One of our era’s great and inconvenient truths is that global food production and the climate emergency are intimately linked. Drought, flood and other extreme weather events threaten farming ecosystems across the world. At the same time, greenhouse gas emissions from animal agriculture play a major role in global heating. We know that the default western diet, with its heavy emphasis on meat and dairy, is harming the planet. Eating habits in wealthy countries will have to change, and livestock numbers be reduced, if climate targets are to be met and vulnerable food systems saved.
At the end of the month, this message will be heard front and centre in the next round of the UN climate negotiations. At Cop28 in Dubai, the United Nations Food and Agriculture Organization will foreground the need to transform patterns of consumption and production if the goal of limiting temperature rises to 1.5C is to be met. The emphasis on the impact of food systems is welcome and overdue. For various reasons it has been badly neglected at previous summits.
But while the science is stark and straightforward, the politics is anything but. Agriculture is a sector where economic interests overlap with cultural traditions, national identities and sentimental attachments to the land. It was telling that when Rishi Sunak was desperately searching for green policies to oppose this autumn, he chose to invent a fictional “meat tax” proposal to suit his purposes. Mr Sunak was nakedly and disreputably seeking to create net zero dividing lines ahead of the next election. But across the west, more principled politicians than him are struggling to show leadership on fraught and sensitive terrain.
In the United States, Joe Biden has introduced new requirements to reduce methane emissions in fossil fuel industries, but they did not extend to the vast American beef industry. Last spring, the Dutch Farmer-Citizen Movement – set up in protest at government plans to reduce livestock numbers by a third – sent shock waves across Europe when it won regional elections. In Ireland, where farming makes up almost 40% of all emissions, proposals for similarly dramatic culls have been discussed behind closed doors in government, but not approved as policy. Compared with sectors such as transport and construction, the green transition in agriculture is notably underpowered.

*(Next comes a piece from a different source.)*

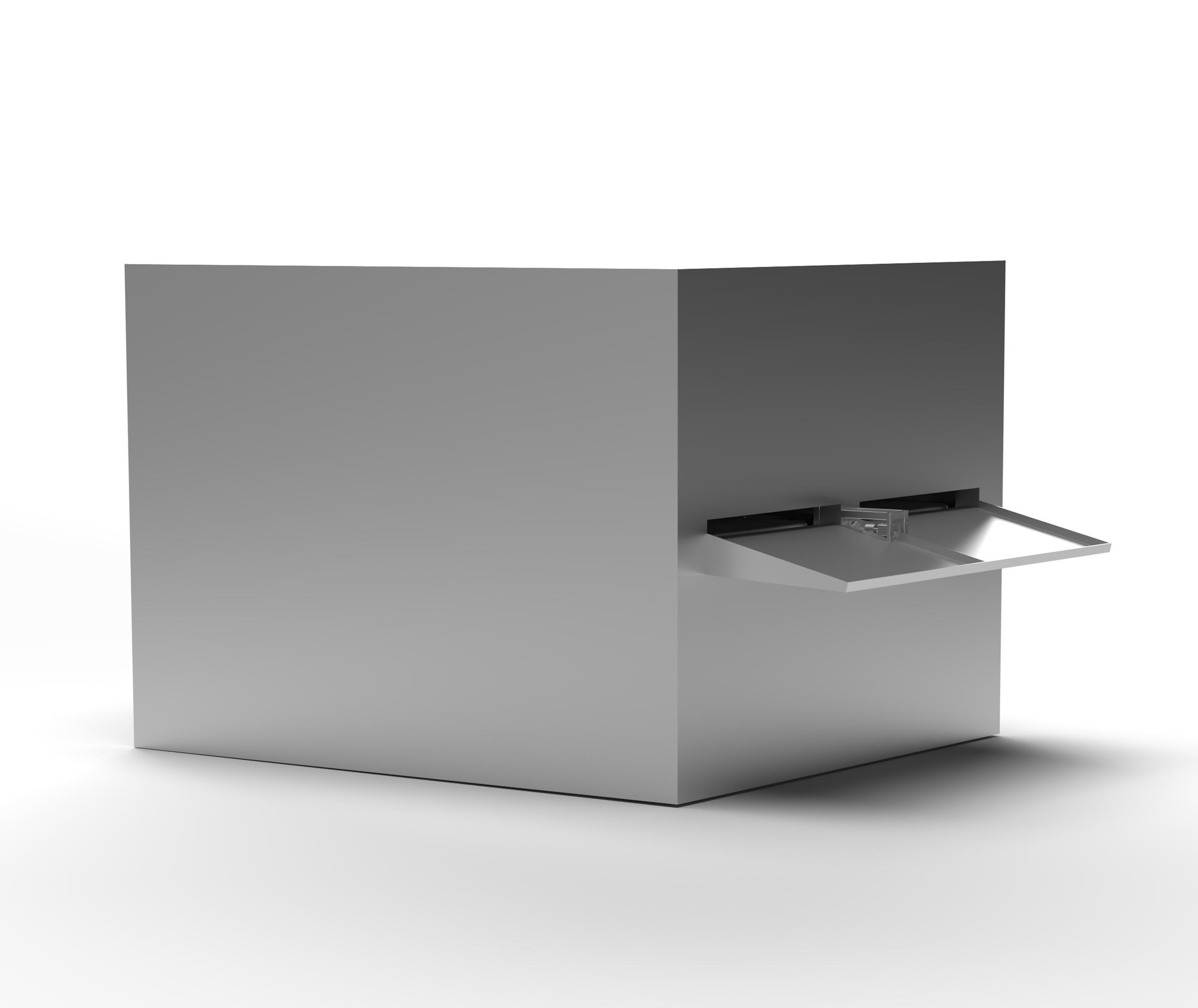 Die Produkte werden nach dem First-In-First-Out-Prinzip ausgegeben. Hier über eine Blechrutsche direkt in Versandkörbe. Eine Anbindung an andere Anlagen wären über ein Förderband ebenso möglich. Der Durchlauffroster von WP RIEHLE eignet sich daher perfekt für die Integration in Produktionslinien. Zur Reinigung des Frosters kann der komplette innere Block komfortabel ausgefahren werden.

The drift must not continue. This month, Denmark’s climate minister called for EU farmers to pay for their greenhouse gas emissions through a form of trading scheme. New Zealand will price emissions from livestock farming from 2025 – the only country in the world to have committed to do so. These are moves in the right direction, but only if combined with a generous combination of subsidies, compensation and financial incentives for farmers to diversify. Similarly, persuading western populations to eat less meat will require imaginative, innovative political leadership. Any proposed “meat tax” will provide automatic fodder for the populist right. But if revenue from new pricing mechanisms is directed towards the popular cause of animal welfare and some form of climate payment to the less well-off, the politics might begin to look different.
Changing the way we eat is an enormous cultural challenge, with huge economic implications. It cannot be done by stealth or diktat, or on the cheap. Nor can the task be swerved if sustainable farming is to flourish in the future. Governments must follow where Cop28 leads.